If you are using the BetRegal app and you want to know the outcome of the match, you usually talk with your buddies, listen to podcasts, or watch interviews with the experts in the field. If, instead, you are looking to take all the fun out of the game and just want to boil it down to numbers, big data will be of interests to you.
In this piece, we will cover what big data is, what it is used for and its application in the world of sports. Is it just a more complex coin toss, or is there any merit to that kind of data analysis? We will also discuss the impact this might have on the sports industry.
What Is Big Data?
Big data is a term that denotes taking the data and analyzing what it means to reach a conclusion, when the amount of data itself is too large to be processed by conventional means, like with data-application software.
If you like challenges, imagine someone gave you a puzzle made out of million pieces without giving you the picture and asked you to tell them what the picture was. Or, more accurately, if you went into a big warehouse with boxes of papers as far as the eye could see, and you were asked to read every single document to assess whether a company will make a profit in five years. That should give you some idea of the scope of big data.

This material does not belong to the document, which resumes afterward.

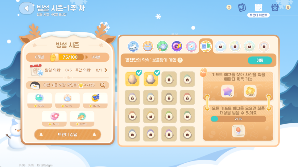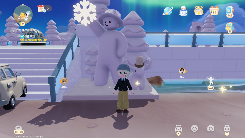 먼저 오른쪽 상단 위 눈사람 클릭해보면!

Big data is used in many different industries like healthcare, education, and Iot. It is something that is so massive and becoming so needed in today’s world that tech giants have their own daughter companies dedicated entirely to data analysis and interpretation.
Big data can, and is, used in sports to predict the outcome of an event, or simply to improve your team’s overall performance. If you have ever wondered why athletes earn as much as they do, a part of it comes from data analysis – there is a solid prediction of their future performance and how much money they are likely to bring to their team.
Springboks vs All Blacks
Data scientists at Principa, a South African company for processing data, have been able to accurately predict two matches of the national rugby team, the Springboks, when they faced against Wales, and then New Zealand. They predicted the team would win against Wales and lose against New Zealand – and they were right.
In order to make sure they have the right outcome, the good people at Principa created two teams to analyze the big data – Nero and Trojan. The teams used different data sources and models, but the outcome was more or less the same.
I have mentioned that a salary an athlete is paid comes from data analysis. This part of the equation will not change. However, it is possible that all of the future deals between teams and sponsors will be affected as the big data analysis becomes the industry standard.
Sponsors might become fair-weather friends when they pay teams of data scientists only to discover that their athletic protégés are not going to step up. Personally, I hope this doesn’t become a thing (though it already is), because it may eliminate the suspense that makes watching sports entertaining. However, the reality is that sports are a multibillion-dollar business. People and companies will do almost anything to get an advantage.